Stored items
- Opening Delimiter -

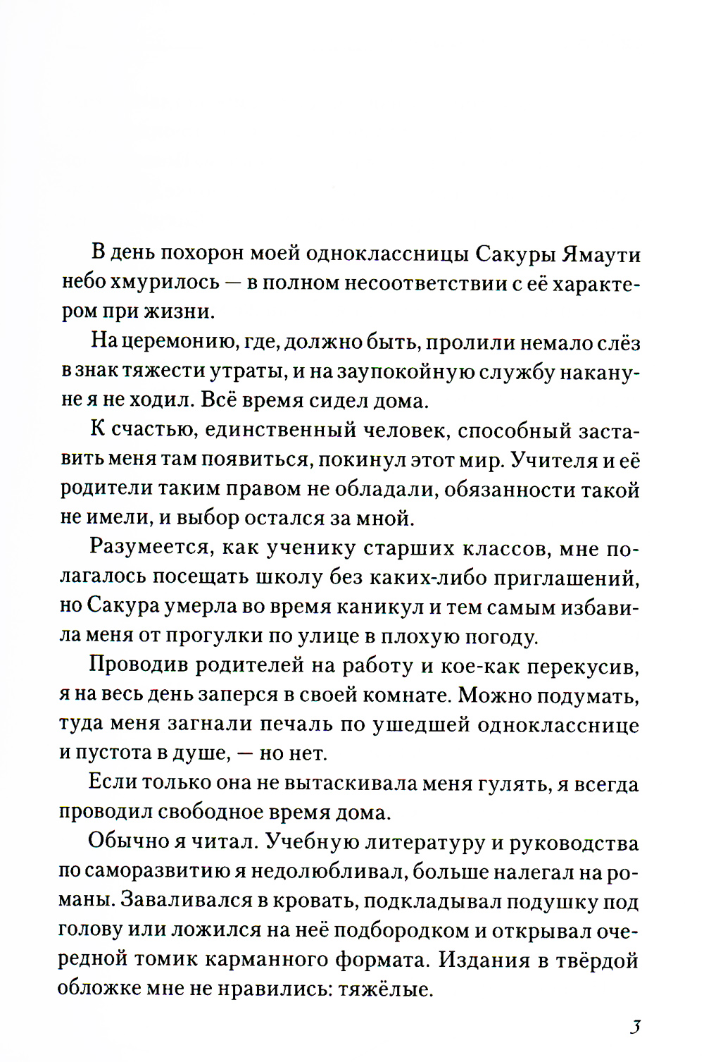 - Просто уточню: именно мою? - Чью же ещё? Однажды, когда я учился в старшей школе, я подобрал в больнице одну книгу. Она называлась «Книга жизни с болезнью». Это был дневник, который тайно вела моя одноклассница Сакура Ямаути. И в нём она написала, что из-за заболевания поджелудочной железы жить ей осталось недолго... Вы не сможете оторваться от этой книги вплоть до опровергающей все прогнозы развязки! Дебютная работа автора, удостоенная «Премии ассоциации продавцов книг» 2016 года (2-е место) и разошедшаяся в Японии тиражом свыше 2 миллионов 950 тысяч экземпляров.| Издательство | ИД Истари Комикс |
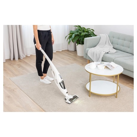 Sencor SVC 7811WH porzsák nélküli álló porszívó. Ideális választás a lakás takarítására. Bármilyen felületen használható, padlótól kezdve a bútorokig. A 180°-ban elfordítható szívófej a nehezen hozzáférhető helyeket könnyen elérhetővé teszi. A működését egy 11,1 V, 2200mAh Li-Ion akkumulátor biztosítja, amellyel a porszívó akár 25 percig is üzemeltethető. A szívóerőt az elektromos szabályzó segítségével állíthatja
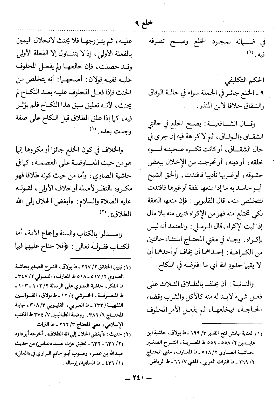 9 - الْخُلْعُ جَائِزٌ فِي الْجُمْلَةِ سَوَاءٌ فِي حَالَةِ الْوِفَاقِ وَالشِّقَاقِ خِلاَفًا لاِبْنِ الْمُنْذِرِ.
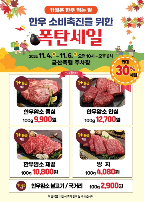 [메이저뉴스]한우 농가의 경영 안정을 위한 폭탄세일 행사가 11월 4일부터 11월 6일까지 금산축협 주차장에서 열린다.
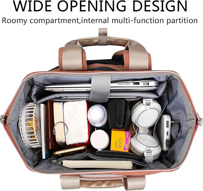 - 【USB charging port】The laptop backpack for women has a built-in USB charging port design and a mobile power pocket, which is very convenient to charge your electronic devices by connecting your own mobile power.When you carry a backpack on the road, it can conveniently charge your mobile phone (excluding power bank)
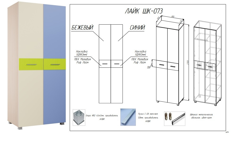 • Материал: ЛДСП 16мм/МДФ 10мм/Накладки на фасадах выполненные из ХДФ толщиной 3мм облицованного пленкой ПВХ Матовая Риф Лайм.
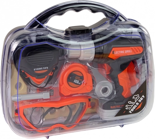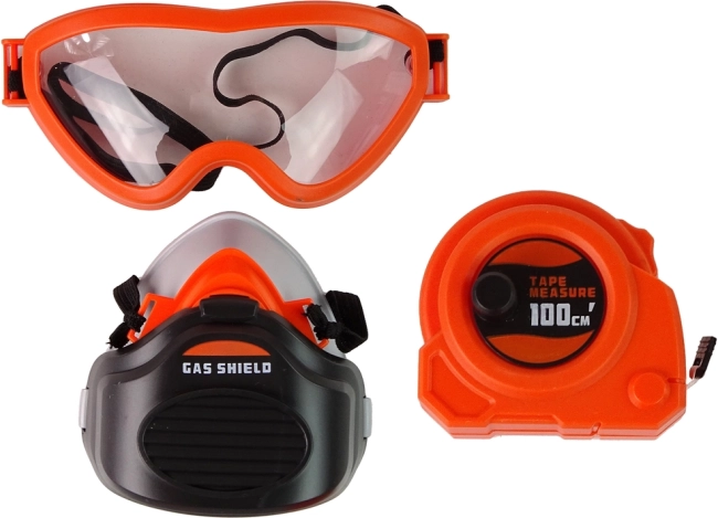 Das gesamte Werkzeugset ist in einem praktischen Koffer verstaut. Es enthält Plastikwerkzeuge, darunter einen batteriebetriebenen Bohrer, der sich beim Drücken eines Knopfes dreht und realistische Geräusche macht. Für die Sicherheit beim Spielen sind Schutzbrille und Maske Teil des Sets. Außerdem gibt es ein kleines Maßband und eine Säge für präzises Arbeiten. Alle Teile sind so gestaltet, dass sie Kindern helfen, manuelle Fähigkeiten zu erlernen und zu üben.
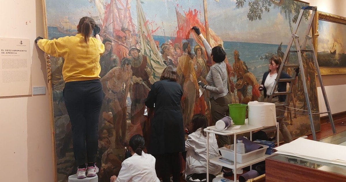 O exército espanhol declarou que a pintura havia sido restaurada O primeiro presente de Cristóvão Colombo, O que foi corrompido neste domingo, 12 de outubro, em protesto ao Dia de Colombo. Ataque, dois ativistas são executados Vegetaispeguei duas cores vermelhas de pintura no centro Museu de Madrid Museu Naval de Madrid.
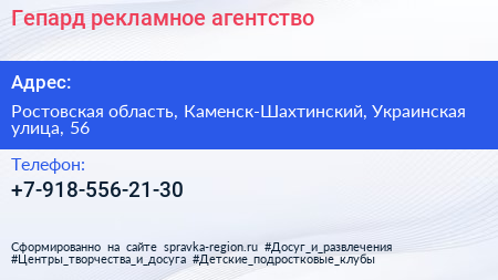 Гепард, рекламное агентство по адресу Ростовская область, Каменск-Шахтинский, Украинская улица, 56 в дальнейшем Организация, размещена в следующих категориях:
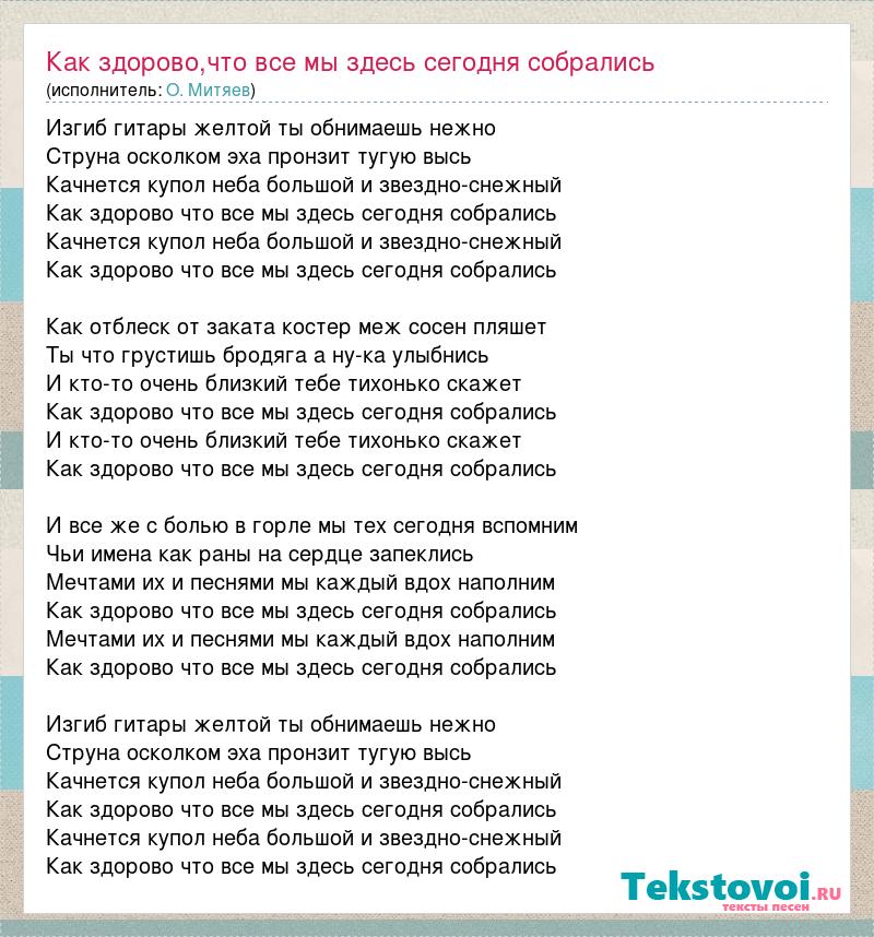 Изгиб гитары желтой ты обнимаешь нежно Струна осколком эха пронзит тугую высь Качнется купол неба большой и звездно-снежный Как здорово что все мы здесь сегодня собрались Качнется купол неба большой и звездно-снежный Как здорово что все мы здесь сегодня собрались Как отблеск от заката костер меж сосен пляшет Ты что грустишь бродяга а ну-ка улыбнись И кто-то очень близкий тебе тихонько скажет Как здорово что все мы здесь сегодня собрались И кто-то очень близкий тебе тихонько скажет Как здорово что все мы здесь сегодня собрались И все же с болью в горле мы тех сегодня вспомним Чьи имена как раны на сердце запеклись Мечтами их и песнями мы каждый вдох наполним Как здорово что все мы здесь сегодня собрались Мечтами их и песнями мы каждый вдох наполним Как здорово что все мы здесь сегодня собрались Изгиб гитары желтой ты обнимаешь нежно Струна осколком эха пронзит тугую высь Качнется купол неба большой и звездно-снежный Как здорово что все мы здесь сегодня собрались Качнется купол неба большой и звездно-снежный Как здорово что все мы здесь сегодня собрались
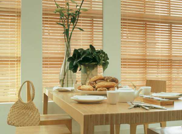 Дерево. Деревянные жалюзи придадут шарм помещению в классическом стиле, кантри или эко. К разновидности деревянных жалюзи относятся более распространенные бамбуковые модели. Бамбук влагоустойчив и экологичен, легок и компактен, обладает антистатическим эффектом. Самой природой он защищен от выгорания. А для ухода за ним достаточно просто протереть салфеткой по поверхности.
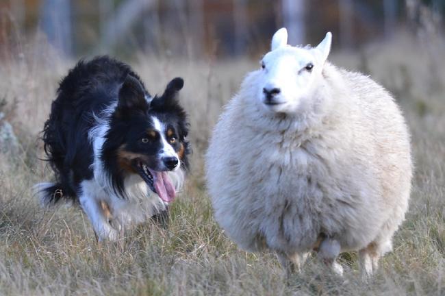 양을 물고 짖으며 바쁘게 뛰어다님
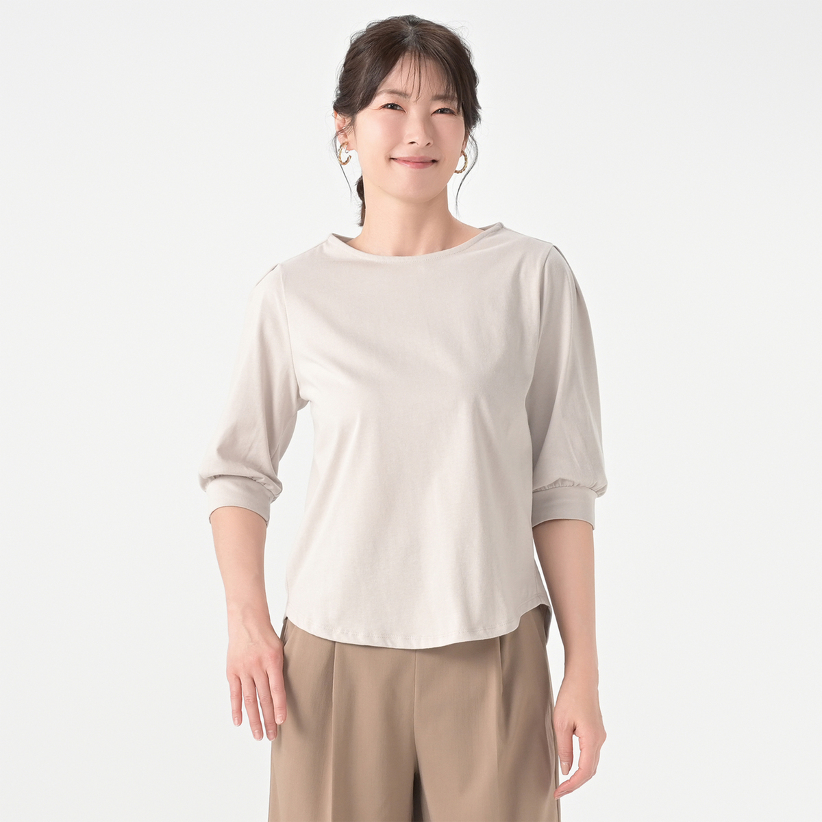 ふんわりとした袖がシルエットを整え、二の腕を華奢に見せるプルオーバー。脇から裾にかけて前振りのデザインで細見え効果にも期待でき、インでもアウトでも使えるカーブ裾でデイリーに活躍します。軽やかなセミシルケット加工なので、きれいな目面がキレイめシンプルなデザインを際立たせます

- Closing Delimiter -

Assigned task: Set the pictures aside and reproduce exactly the lines above, from the line holding "- 【USB charging" through the line holding "Гепард, рекламное агентство", both included, with nothing else.

Response to this exercise:
 - 【USB charging port】The laptop backpack for women has a built-in USB charging port design and a mobile power pocket, which is very convenient to charge your electronic devices by connecting your own mobile power.When you carry a backpack on the road, it can conveniently charge your mobile phone (excluding power bank)
 • Материал: ЛДСП 16мм/МДФ 10мм/Накладки на фасадах выполненные из ХДФ толщиной 3мм облицованного пленкой ПВХ Матовая Риф Лайм.
 Das gesamte Werkzeugset ist in einem praktischen Koffer verstaut. Es enthält Plastikwerkzeuge, darunter einen batteriebetriebenen Bohrer, der sich beim Drücken eines Knopfes dreht und realistische Geräusche macht. Für die Sicherheit beim Spielen sind Schutzbrille und Maske Teil des Sets. Außerdem gibt es ein kleines Maßband und eine Säge für präzises Arbeiten. Alle Teile sind so gestaltet, dass sie Kindern helfen, manuelle Fähigkeiten zu erlernen und zu üben.
 O exército espanhol declarou que a pintura havia sido restaurada O primeiro presente de Cristóvão Colombo, O que foi corrompido neste domingo, 12 de outubro, em protesto ao Dia de Colombo. Ataque, dois ativistas são executados Vegetaispeguei duas cores vermelhas de pintura no centro Museu de Madrid Museu Naval de Madrid.
 Гепард, рекламное агентство по адресу Ростовская область, Каменск-Шахтинский, Украинская улица, 56 в дальнейшем Организация, размещена в следующих категориях:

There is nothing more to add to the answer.